■ **THE DATA**:
--------------------------------
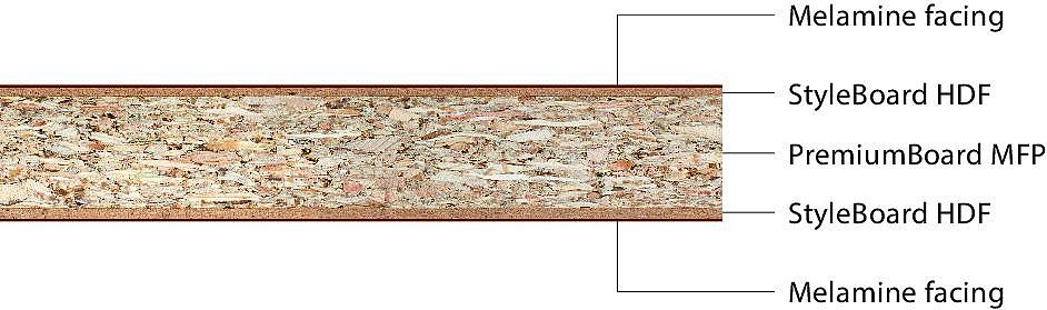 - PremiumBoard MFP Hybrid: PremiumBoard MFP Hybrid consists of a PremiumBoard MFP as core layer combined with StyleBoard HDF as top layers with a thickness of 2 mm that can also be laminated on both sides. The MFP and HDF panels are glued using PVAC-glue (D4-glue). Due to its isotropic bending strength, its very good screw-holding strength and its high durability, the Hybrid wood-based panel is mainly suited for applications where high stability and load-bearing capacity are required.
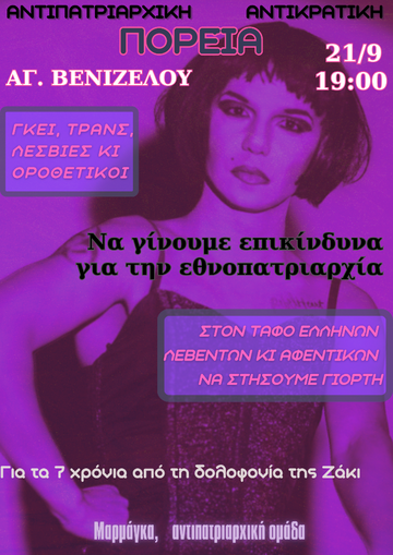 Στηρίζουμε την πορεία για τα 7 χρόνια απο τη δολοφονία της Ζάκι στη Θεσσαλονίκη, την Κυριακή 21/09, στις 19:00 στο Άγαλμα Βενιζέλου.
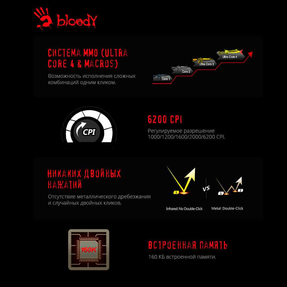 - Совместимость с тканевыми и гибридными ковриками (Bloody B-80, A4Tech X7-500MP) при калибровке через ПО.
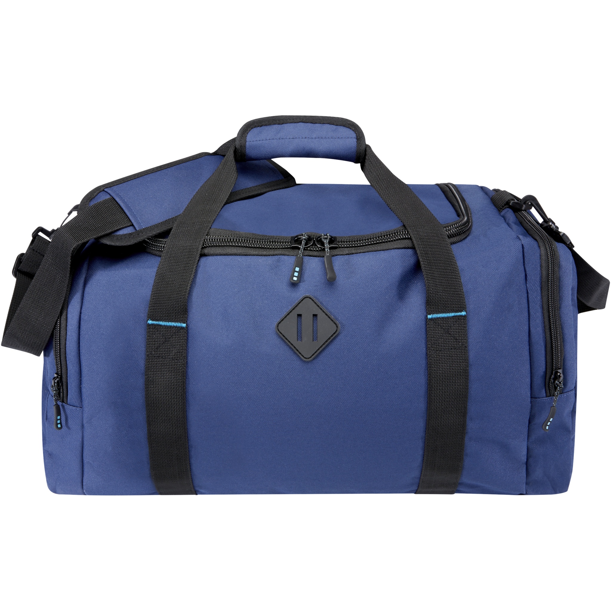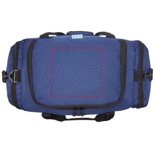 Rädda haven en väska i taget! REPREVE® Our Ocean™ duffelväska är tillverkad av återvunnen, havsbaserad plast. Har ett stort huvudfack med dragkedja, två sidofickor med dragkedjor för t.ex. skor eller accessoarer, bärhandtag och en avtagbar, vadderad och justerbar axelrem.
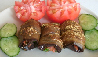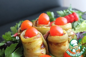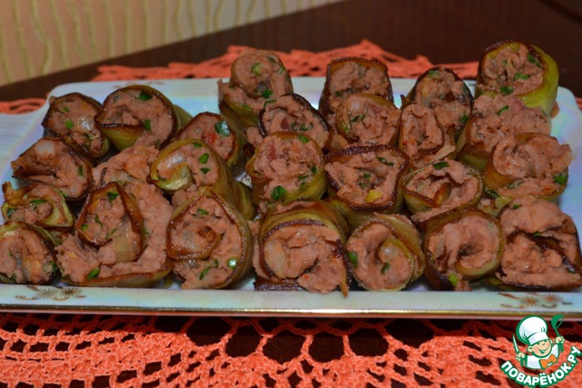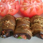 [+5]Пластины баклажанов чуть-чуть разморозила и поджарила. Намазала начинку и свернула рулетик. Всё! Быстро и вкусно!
--------------------------------
■ **EXERCISE**: With the pictures removed, copy the data above word for word.

■ **FINISHED EXERCISE**:
 - PremiumBoard MFP Hybrid: PremiumBoard MFP Hybrid consists of a PremiumBoard MFP as core layer combined with StyleBoard HDF as top layers with a thickness of 2 mm that can also be laminated on both sides. The MFP and HDF panels are glued using PVAC-glue (D4-glue). Due to its isotropic bending strength, its very good screw-holding strength and its high durability, the Hybrid wood-based panel is mainly suited for applications where high stability and load-bearing capacity are required.
 Στηρίζουμε την πορεία για τα 7 χρόνια απο τη δολοφονία της Ζάκι στη Θεσσαλονίκη, την Κυριακή 21/09, στις 19:00 στο Άγαλμα Βενιζέλου.
 - Совместимость с тканевыми и гибридными ковриками (Bloody B-80, A4Tech X7-500MP) при калибровке через ПО.
 Rädda haven en väska i taget! REPREVE® Our Ocean™ duffelväska är tillverkad av återvunnen, havsbaserad plast. Har ett stort huvudfack med dragkedja, två sidofickor med dragkedjor för t.ex. skor eller accessoarer, bärhandtag och en avtagbar, vadderad och justerbar axelrem.
 [+5]Пластины баклажанов чуть-чуть разморозила и поджарила. Намазала начинку и свернула рулетик. Всё! Быстро и вкусно!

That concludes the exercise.